X_train, X_val, y_train, y_val = train_test_split(X, y, test_size=0.20, shuffle=True, random_state=1, stratify=y)

In [43]:
numeric_features = X_train.select_dtypes(include=['int64', 'float64']).columns
categorical_features = X_train.select_dtypes(include=['object']).columns

In [44]:
from sklearn.pipeline import Pipeline
from sklearn.compose import ColumnTransformer
from sklearn.impute import SimpleImputer
from sklearn.preprocessing import StandardScaler

numeric_transformer = Pipeline(steps=[
    ('imputer', SimpleImputer(strategy='median')),
    ('scaler', StandardScaler())])

In [45]:
from sklearn.base import BaseEstimator, TransformerMixin

class UnknownToNaN(BaseEstimator, TransformerMixin):
    def __init__(self, unknown_label='unknown'):
        self.unknown_label = unknown_label

    def fit(self, X, y=None):
        return self

    def transform(self, X):
        return X.replace(self.unknown_label, np.nan)

In [46]:
from sklearn.preprocessing import OneHotEncoder, OrdinalEncoder

ohe_features = ['job', 'month', 'day_of_week']
oe_features = ['marital', 'education', 'default', 'housing', 'loan', 'contact', 'poutcome']

In [47]:
categorical_transformer_ohe = Pipeline(steps=[
    ('unknown_to_nan', UnknownToNaN(unknown_label='unknown')),
    ('imputer', SimpleImputer(strategy='most_frequent')),
    ('onehot', OneHotEncoder(handle_unknown='ignore'))])

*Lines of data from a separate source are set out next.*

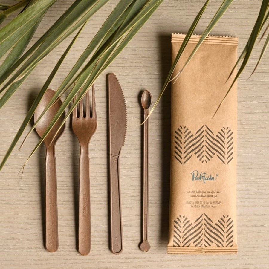 Palmade provides local alternatives to single-use plastics in the United Arab Emirates to help people make better choices and transition into more sustainable ways of living. They transform fallen date palm leaves that would normally be sent to landfill or burned into biodegradable and compostable spoons, forks, knives, stirrers, and straws. Palmade collects trimmed leaves from farmers, landscaping companies, and municipalities and gives them a second life. They donate products to Ramadan events for low-income workers in Dubai.
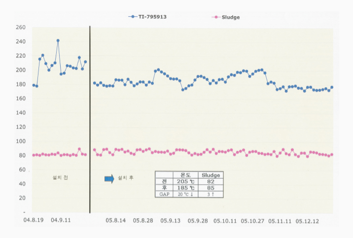 J사는 유동층 보일러를 보유하고 있으며 시계열적으로 Evaporator의 증발 효율이 감소되는 현상이 발생되고 있었습니다.Sonic Horn 설치 후 Evaporation Ratio가 약 0.2% 상승하는 효과를 보았습니다.
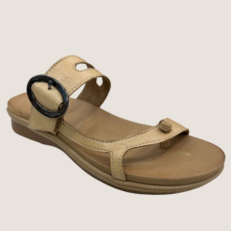 Slip into the Thyme and Co Transmit Slide this summer! With its highly padded insole, slightly platform sole, and soft leather straps, this toe slide will ensure you stay comfortable and cool all summer long.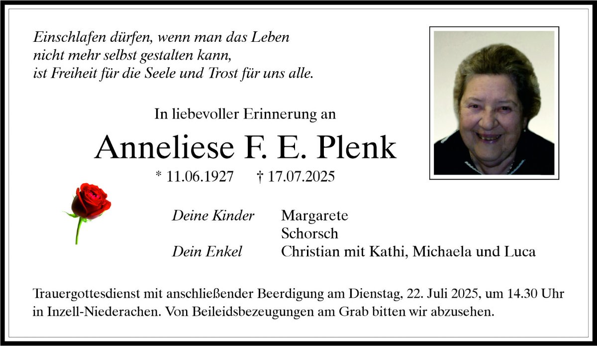 in dieser Zeit des Schmerzes wünschen wir Ihnen Kraft, den Verlust im Kreise Ihrer Liebsten zu verarbeiten. Als Zeichen unserer Anteilnahme und des Gedenkens entzünden wir dieses erste Licht. Möge diese Gedenkseite Ihnen helfen, Erinnerungen zu teilen und so das Andenken gemeinsam wachzuhalten.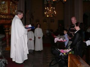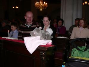 rebeca321:Se mší svatou to trvalo asi hodinu a čtvrt.Byla moc hodná až jsem se divila a neplakala ani při polývání.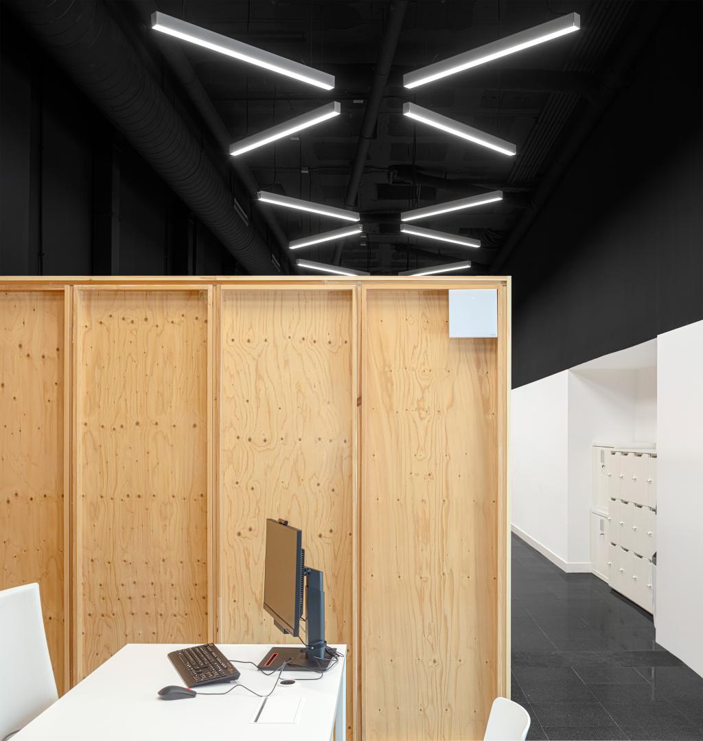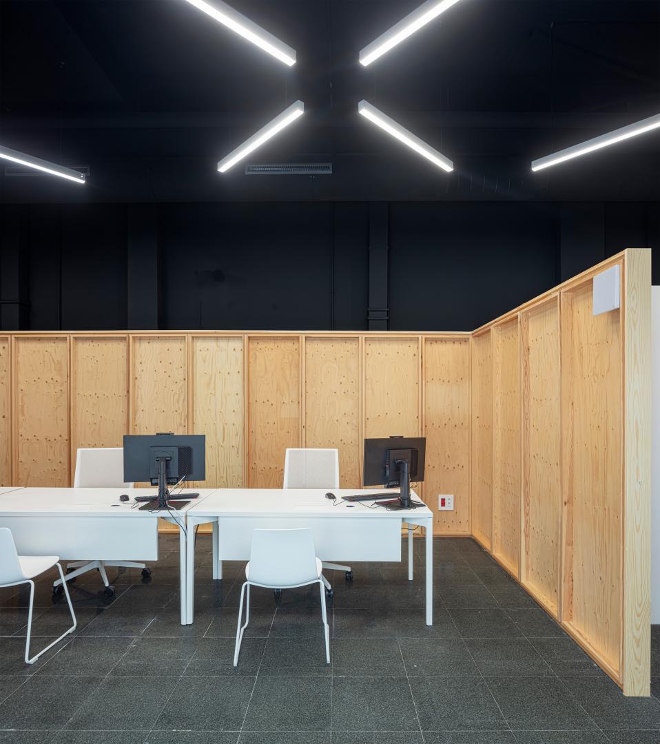 This space was created with reused materials, coming from a temporary installation at a School in Barcelona. The wood screens and light tubes are rearranged in the Post-Compulsory Education Office. Since the modules could be directly reused, construction waste has been reduced and contributes to a sustainable outcome. From start to finish, only three months were planned. This lead to co-managing the design and the construction simultaneously.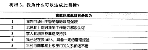 1.将“树根”写在一张质量比较好的卡片上,或者写在记事本的第一页,将“树根”保留到目标达成以后。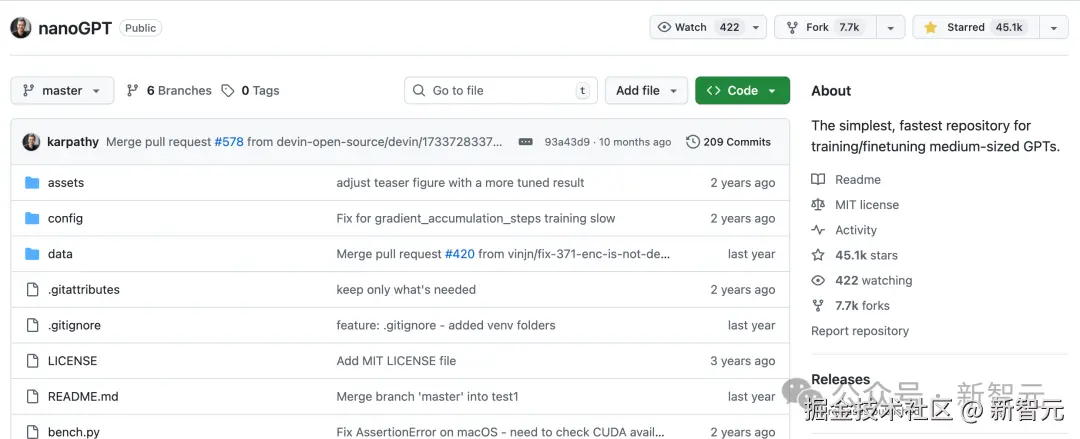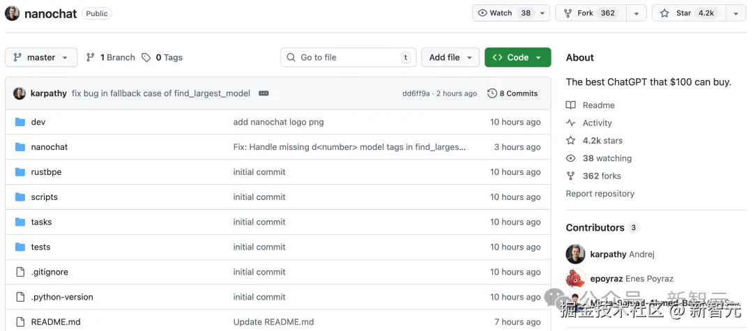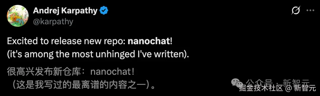 「【新智元导读】AI 传奇人物、前特斯拉 AI 总监 Karpathy 重磅推出全新开源项目「nanochat」,以不到 8000 行代码复现 ChatGPT 全流程,只需一台 GPU、约 4 小时、成本仅百美元。该项目在 GitHub 上线不到 12 小时即获 4.2k 星标!」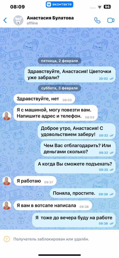 Обратите внимание на странное смс от Натальи Андрусенко, которая пишет, что договорится в личных сообщениях и заберет цветы. Ее профиль создан на один день.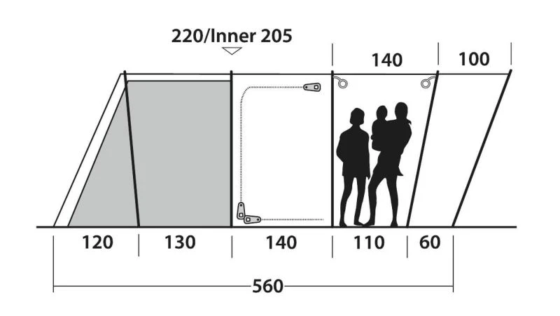 Not only does the tent come with high-vis guylines, but also ‘Storm Ties’ Velcro around the 19mm steel poles to make sure the fabric and poles are tensioned together. Outwell have really gone to town on including things like their own HookTrack System to give you the option to have a hanging point for lights or storage pockets throughout the tent. ‘Quick & Quiet’ Access doors are located on the bedroom compartment and the living room door. Premier Bedrooms which are nice and dark but have a Rear Ventilation System built in to increase the airflow and help reduce condensation (this can be covered to keep the bedroom nice and dark if needed).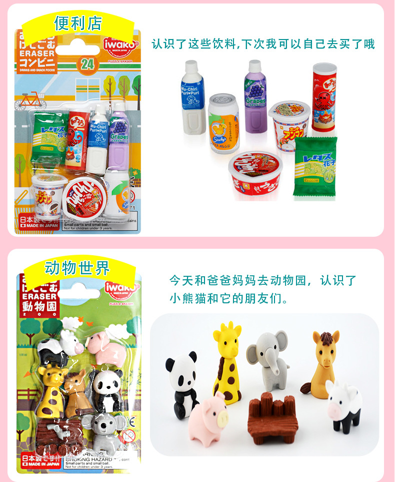 도매 일본 이와코 만화 분리 가능한 조합 장난감 선물 문구 세트 선물 재미 지우개스토어 가기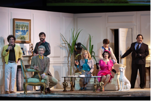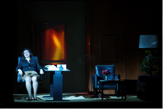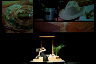 Tiene, sin embargo, la producción aspectos positivos, especialmente en forma de una escenografía (también de Julia Hansen) a base pequeños módulos, que permiten rápidos cambios de escena a la vista, lo que da un buen ritmo a la acción. A esto habría que añadir el hecho de que los módulos escénicos (como si de platós de televisión se tratara) se colocan siempre en el frente del escenario, lo que ayuda a que las voces lleguen en buenas condiciones a la sala. El escenario siempre tiene dos niveles: el inferior, donde se desarrolla la acción en los distintos módulos (oficina, sala de reuniones, baño, terraza, restaurante de club de tenis), mientras que en la parte superior hay una pantalla, donde se proyectan videos alusivos a la acción, que tiene como mayor inconveniente el de ofrecernos invariablemente imágenes de los personajes interpretados por los artistas que estrenaron la producción en Gante. La iluminación de Bernd Purkrabek no es particularmente brillante. La aparición final de Juno no es sino la de una ayudante de dirección, que entrega a los actores el guión para él próximo capítulo de la serie.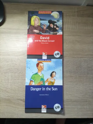 Dos libros de lectura en inglés de la serie Helbling Readers, cada uno con su CD. - David and the Black Corsair - Danger in the Sun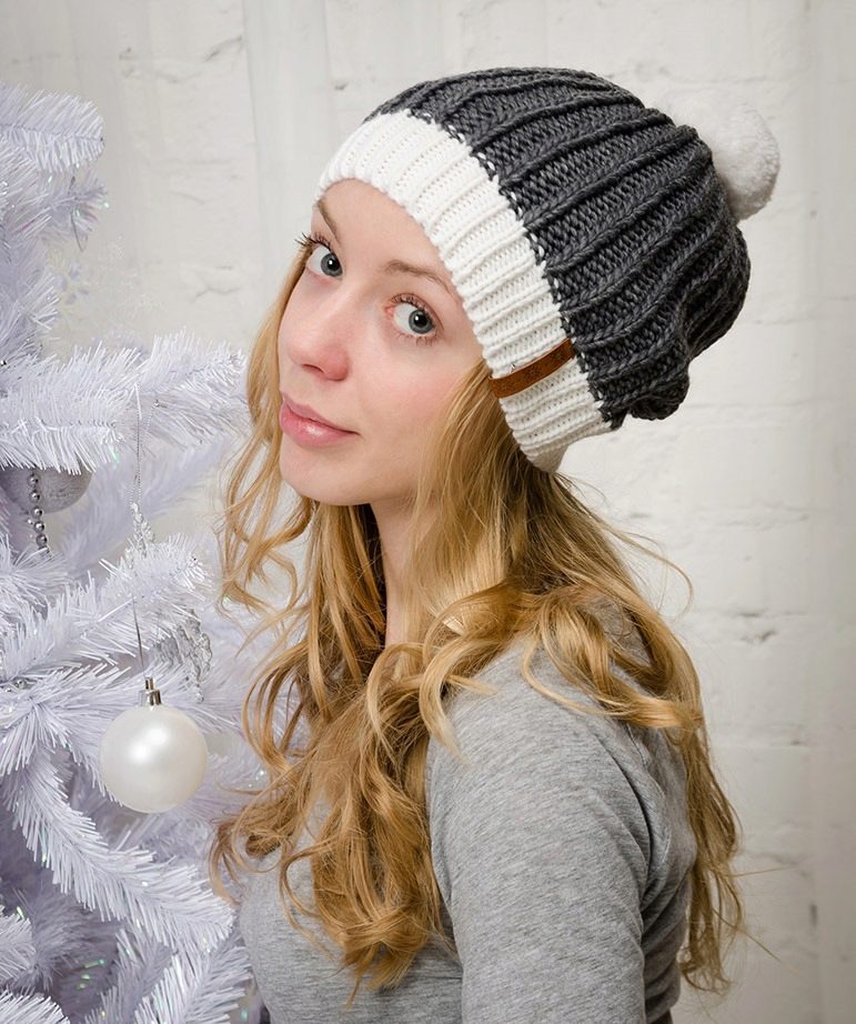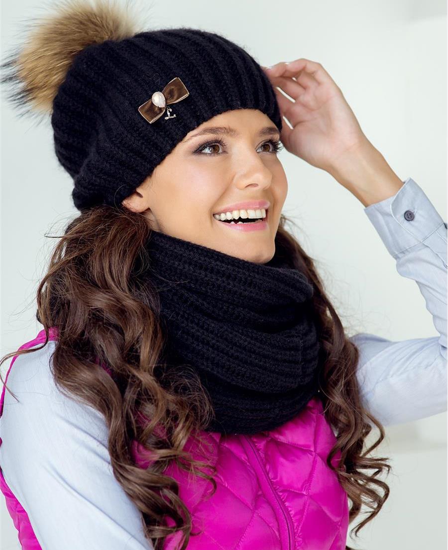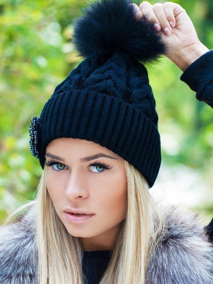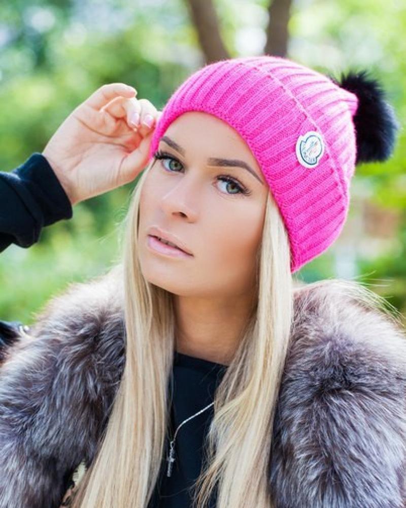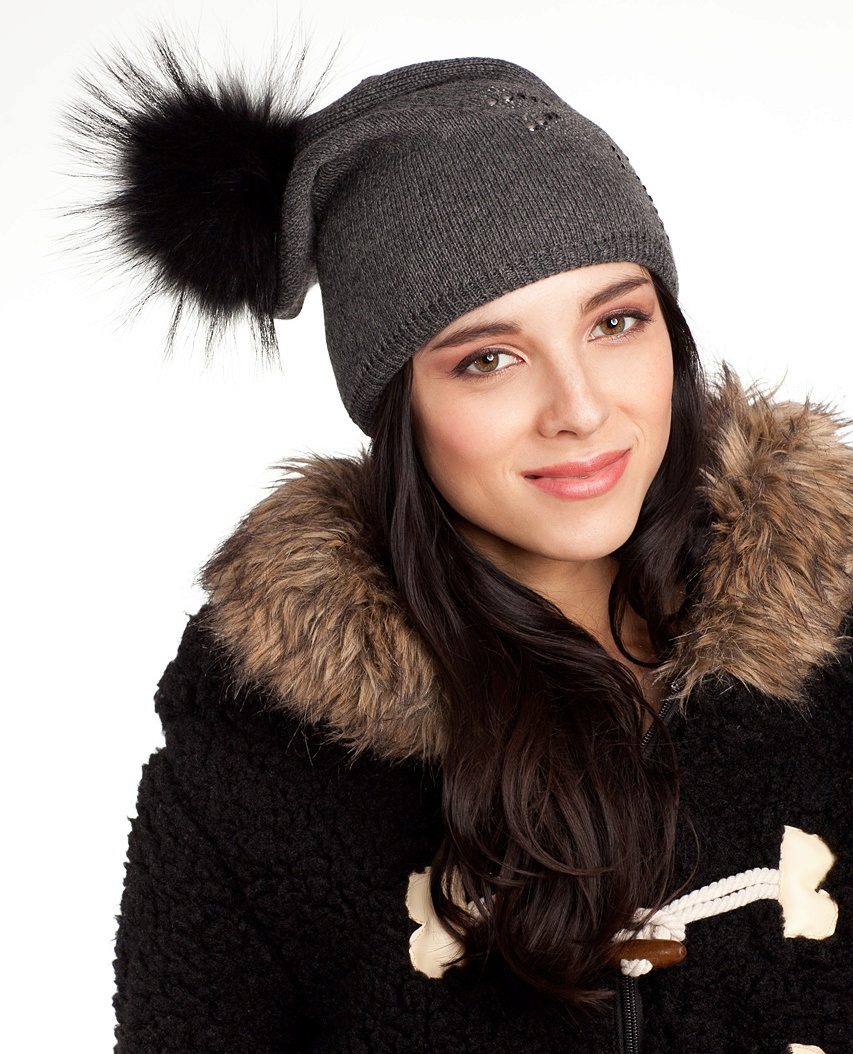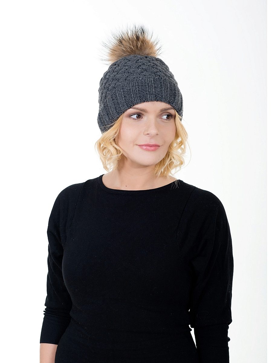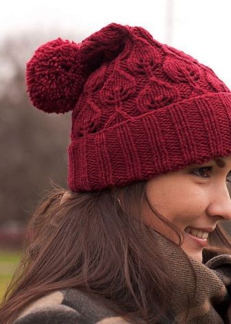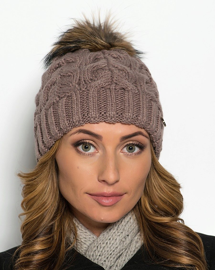 A pom-pom on a hat also comes in two forms: from the same material as the hat itself, or from fur. Most often for pompons they use mink, raccoon, arctic fox, rabbit or fox fur, red or black-brow. The combination of bright yarn and natural, unpainted fur is very fashionable, although there are also a lot of models where the fur is colored to match the product.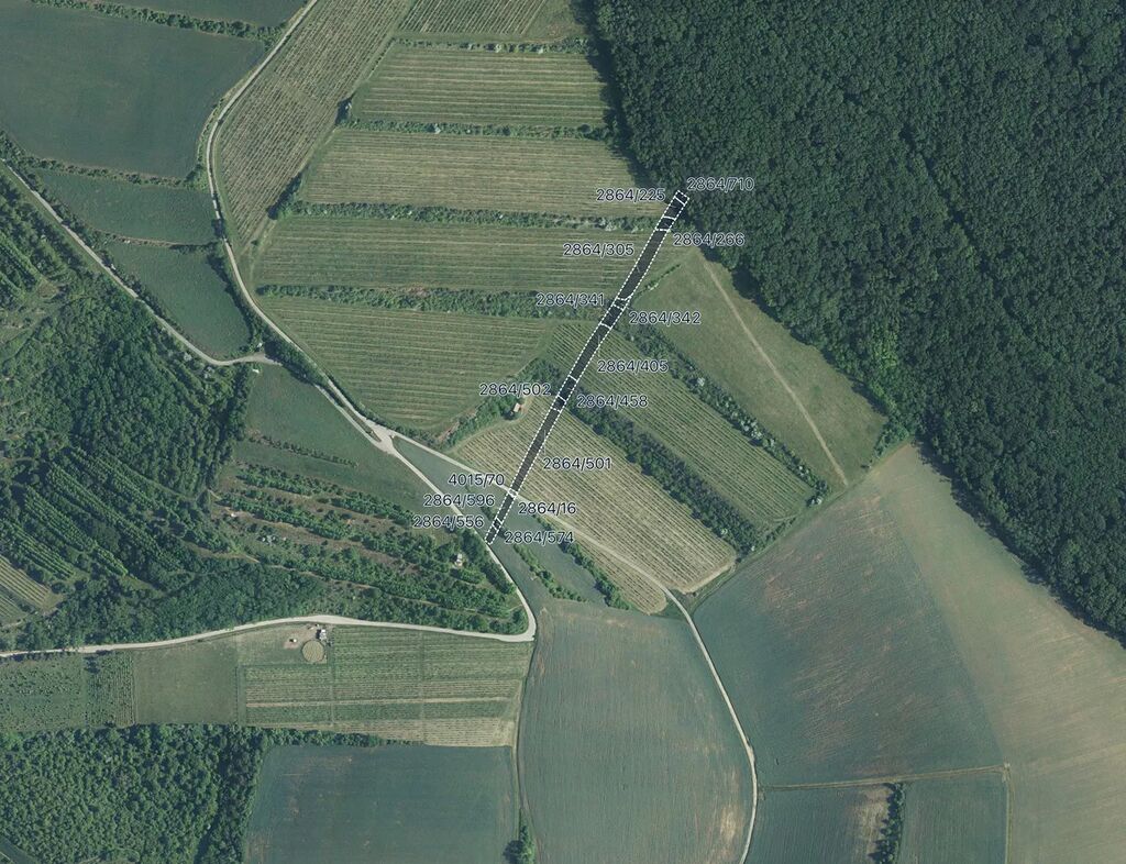 Pozemky jsou zapsány na LV 650 pod parcelními čísly 4015/70, 2864/710, 2864/652, 2864/596, 2864/574, 2864/556, 2864/502, 2864/501, 2864/458, 2864/405, 2864/342, 2864/341, 2864/305, 2864/266, 2864/225 a 2864/16. Mají výměru 3 042 m2. Pozemky spolu sousedí a tvoří jeden celek.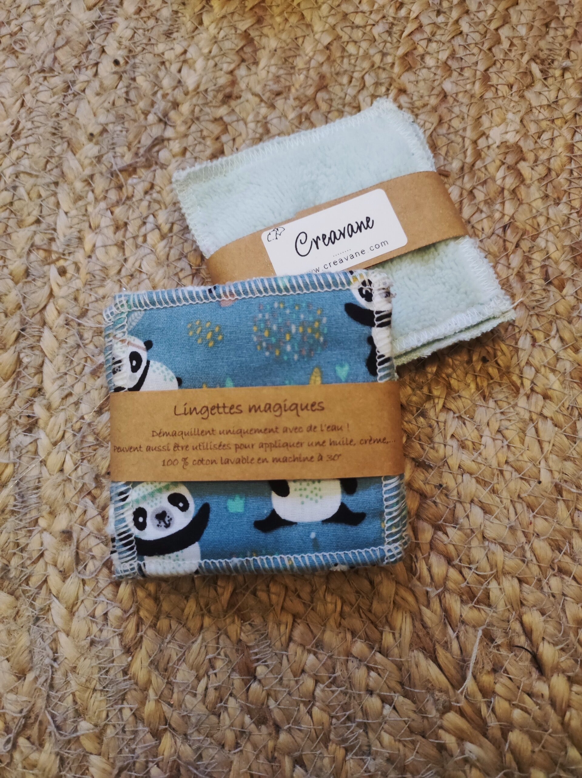 - La face nettoyante varie suivant l’arrivage de tissu. Elle peut être blanche, écru, crème, bleue claire, bleue foncée, rose pale, vieux rose, saumon, corail, vert d'eau, turquoise, vert canard, grise claire, grise foncée, noire,... La couleur sera toujours choisie pour être assortie au tissu décoratif de la lingette.

categorical_transformer_oe = Pipeline(steps=[
    ('unknown_to_nan', UnknownToNaN(unknown_label='unknown')),
    ('imputer', SimpleImputer(strategy='most_frequent')),
    ('ordinal_encoder', OrdinalEncoder())])


In [48]:
preprocessor = ColumnTransformer(
    transformers=[
        ('dog', numeric_transformer, numeric_features),
        ('cat_ohe', categorical_transformer_ohe, ohe_features),
        ('cat_oe', categorical_transformer_oe, oe_features)])

In [49]:
import xgboost

pipeline = Pipeline(steps=[('preprocessor', preprocessor),
                           ('classifier', xgboost.XGBClassifier(tree_method='gpu_hist', n_jobs=-1))])

In [50]:
param_grid = {
    'classifier__n_estimators': [50, 100, 200, 300, 400, 500],
    'classifier__learning_rate': [0.001, 0.01, 0.1, 0.2, 0.3],
    'classifier__max_depth': [2, 3, 4, 5, 6, 7, 8]
}

In [51]:
from sklearn.model_selection import GridSearchCV

grid_search = GridSearchCV(pipeline, param_grid, cv=5, n_jobs=-1, scoring='accuracy')
grid_search.fit(X_train, y_train)

GridSearchCV(cv=5,
             estimator=Pipeline(steps=[('preprocessor',
                                        ColumnTransformer(transformers=[('dog',
                                                                         Pipeline(steps=[('imputer',
                                                                                          SimpleImputer(strategy='median')),
                                                                                         ('scaler',
                                                                                          StandardScaler())]),
                                                                         Index(['age', 'campaign', 'pdays', 'previous', 'emp.var.rate',
       'cons.price.idx', 'cons.conf.idx', 'euribor3m', 'nr.employed'],
      dtype='object')),
                                                                        ('cat_ohe',
                                                                         Pipeline(steps...
  

In [52]:
from sklearn.metrics import accuracy_score

best_model = grid_search.best_estimator_
y_pred = best_model.predict(X_val)
accuracy = accuracy_score(y_val, y_pred)

print(f"Accuracy on validation set: {accuracy}")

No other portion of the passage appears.